Dijkman, Karin; Lindenstrøm, Thomas; Rosenkrands, Ida; Søe, Rikke; Woodworth, Joshua S; Lindestam Arlehamn, Cecilia S; Mortensen, Rasmus.
Afiliação
  • Dijkman K; Department of Infectious Disease Immunology, Statens Serum Institut, Copenhagen, Denmark.
  • Lindenstrøm T; Janssen Vaccines & Prevention, Leiden, the Netherlands.
  • Rosenkrands I; Department of Infectious Disease Immunology, Statens Serum Institut, Copenhagen, Denmark.
  • Søe R; Department of Infectious Disease Immunology, Statens Serum Institut, Copenhagen, Denmark.
  • Woodworth JS; Department of Vaccine Development, Statens Serum Institut, Copenhagen, Denmark.
  • Lindestam Arlehamn CS; Department of Infectious Disease Immunology, Statens Serum Institut, Copenhagen, Denmark.
  • Mortensen R; Center for Infectious Disease and Vaccine Research, La Jolla Institute for Immunology, La Jolla, CA, USA.
NPJ Vaccines ; 8(1): 66, 2023 May 09.
Article em En | MEDLINE | ID: mdl-37160970
ABSTRACT
The only licensed tuberculosis (TB) vaccine, Bacillus Calmette Guerin (BCG), fails to reliably protect adolescents and adults from pulmonary TB, resulting in ~1.6 million deaths annually. Protein subunit vaccines have shown promise against TB in clinical studies. Unfortunately, most subunit vaccines require multiple administrations, which increases the risk of loss to follow-up and necessitates more complex and costly logistics. Given the well-documented adjuvant effect of BCG, we hypothesized that BCG co-administration could compensate for a reduced number of subunit vaccinations. To explore this, we developed an expression-optimized version of our H107 vaccine candidate (H107e), which does not cross-react with BCG. In the CAF®01 adjuvant, a single dose of H107e induced inferior protection compared to three H107e/CAF®01 administrations. However, co-administering a single dose of H107e/CAF®01 with BCG significantly improved protection, which was equal to BCG co-administered with three H107e/CAF®01 doses.

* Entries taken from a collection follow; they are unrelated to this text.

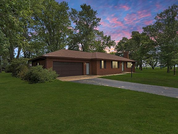 All Brick Ranch 3 bed 2 bath with 2 car attached garage with large screened in porch. Utility room, Eat in kitchen with dining room. Family room with fireplace. Sitting on over 3 acres with a 23x31 shop with rollup door. Property also includes a whole house propane Cummins Generator. Propane tank is leased.
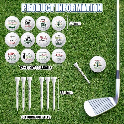 18 Pcs Funny Golf Balls Gifts Set 12 Humor Golf Balls and 6 Tees for Men Women Coworkers Employees Golfers Birthday Retirement
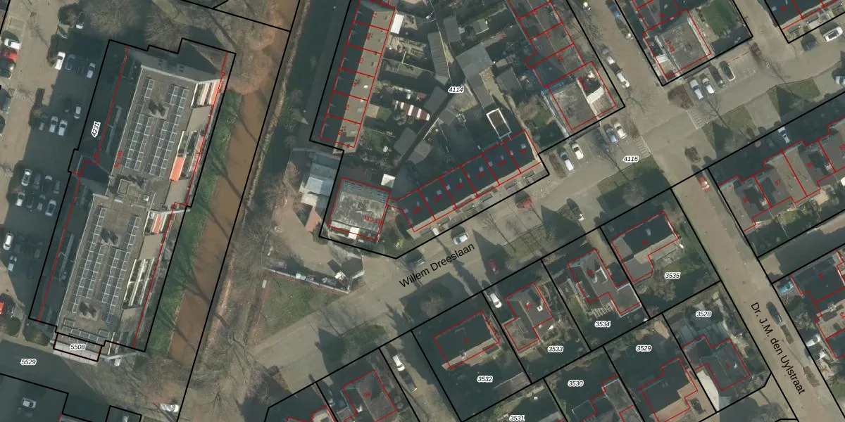 Het perceel waarop Willem Dreeslaan 108 staat heeft een oppervlakte van 4030 m². Dit is een zeer groot perceel. De perceeloppervlakte wordt geregistreerd door het Kadaster. Gedetailleerde informatie over de maten van dit perceel kunt u vinden in het rapport Kadastrale kaart met maatvoering van Willem Dreeslaan 108.
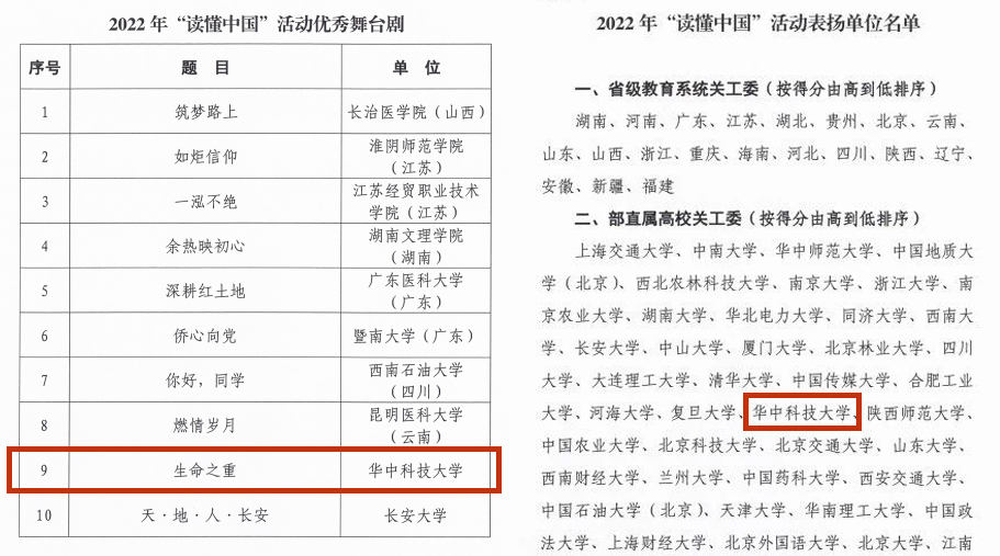 12月16日,教育部关工委公布了2022年“读懂中国”活动入选作品名单。由公司党委宣传部、永利3044noc共同组织排演的大学大师剧《生命之重》,入选本次活动“优秀舞台剧”名单。校关工委入选该活动表扬单位名单。
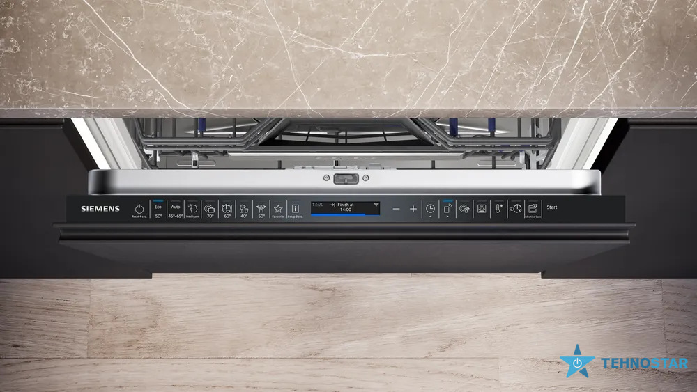 Посудомийна машина Siemens SN87TX02CE поєднує передові технології та стильний дизайн, роблячи процес миття посуду простим і комфортним. Панель керування з інтуїтивними сенсорними кнопками та цифровим дисплеєм дозволяє легко вибирати режими миття та стежити за їх виконанням.
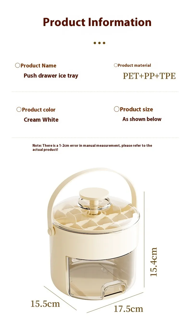 The Press Ice Cube Mold Large Capacity Ice Maker is the perfect solution for anyone who enjoys cold, refreshing drinks with large, slow-melting ice cubes. With its easy-to-use press mechanism, durable materials, and large capacity, this ice maker ensures you can make ice quickly and efficiently. Whether you're hosting a party, enjoying a cocktail, or just need ice for everyday use, this mold helps you create perfectly shaped ice cubes with minimal effort. Upgrade your ice-making game with the Press Ice Cube Mold Large Capacity Ice Maker and enjoy perfectly chilled drinks every time.
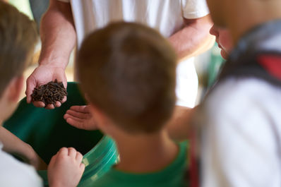 Most of the onlooking faces expressed an irrefutable “ew,” but beneath their prejudiced disgust was an underlayment of curiosity. Doug poured them into a volunteer’s cupped hands and, to his self-startling amusement, his scrunched face turned into a smile as the writhing throng of grubs rioted harmlessly in his palms. A smile spread across the group that bubbled into full-fledged laughter. Now others wanted to hold some too. He reached over the edge and cast the larvae evenly over the bottom of the bin. “Why do they try to crawl through my fingers?” he asked, still smiling. “They’re looking for someplace dark to go,” Doug said. “It’s just what they do.” Soon they were asking all kinds of questions: “How much can they eat? How long do they live? What do they do when they hatch?”
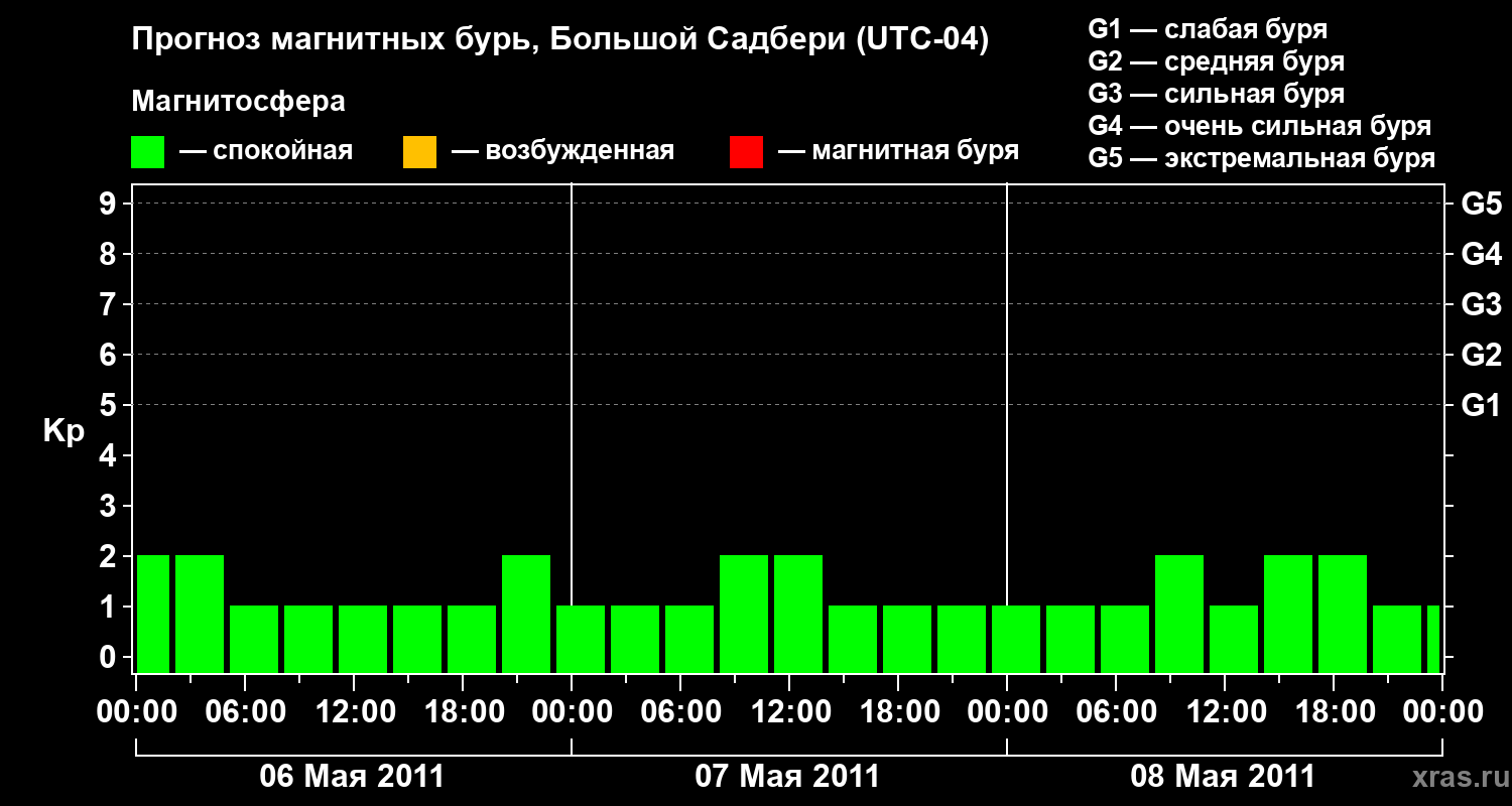 Прогноз магнитных бурь Большом Садбери — 6 мая 2011 года
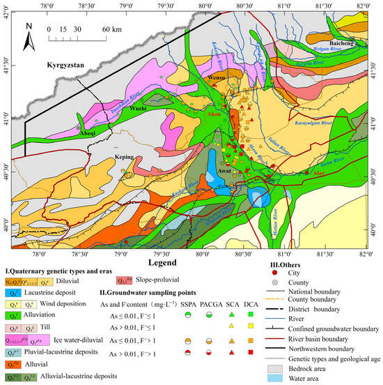 In the Aksu River Basin, high-As groundwater was mainly distributed in the quaternary alluvial plain of the middle and lower reaches of the Aksu River; high-F groundwater was mainly distributed in the quaternary alluvial plain of the middle and lower reaches of the Aksu River, the diluvial plain of the Aksu River, and the Telan River; and a small amount of groundwater was distributed in the alluvial lacustrine plain of the lower reaches of the Kashgar River (Figure 8). As-F co-enriched groundwater was mainly distributed in the quaternary alluvial plain in the middle and lower reaches of the Aksu River and the flood plain in the interfluvial block of the Aksu River and Telan River. According to the geological conditions, the groundwater in the Aksu River Basin was identified as the primary high-As and high-F groundwater.

Importantly, combining BCG with a single H107e/CAF®01 dose also increased protection in previously BCG-primed animals. Overall, a single dose of H107e/CAF®01 with BCG induced long-lived immunity and triggered BCG-specific Th17 responses. These data support co-administration of BCG and subunit vaccines in both BCG naïve and BCG-primed individuals as an improved TB vaccine strategy with reduced number of vaccination visits.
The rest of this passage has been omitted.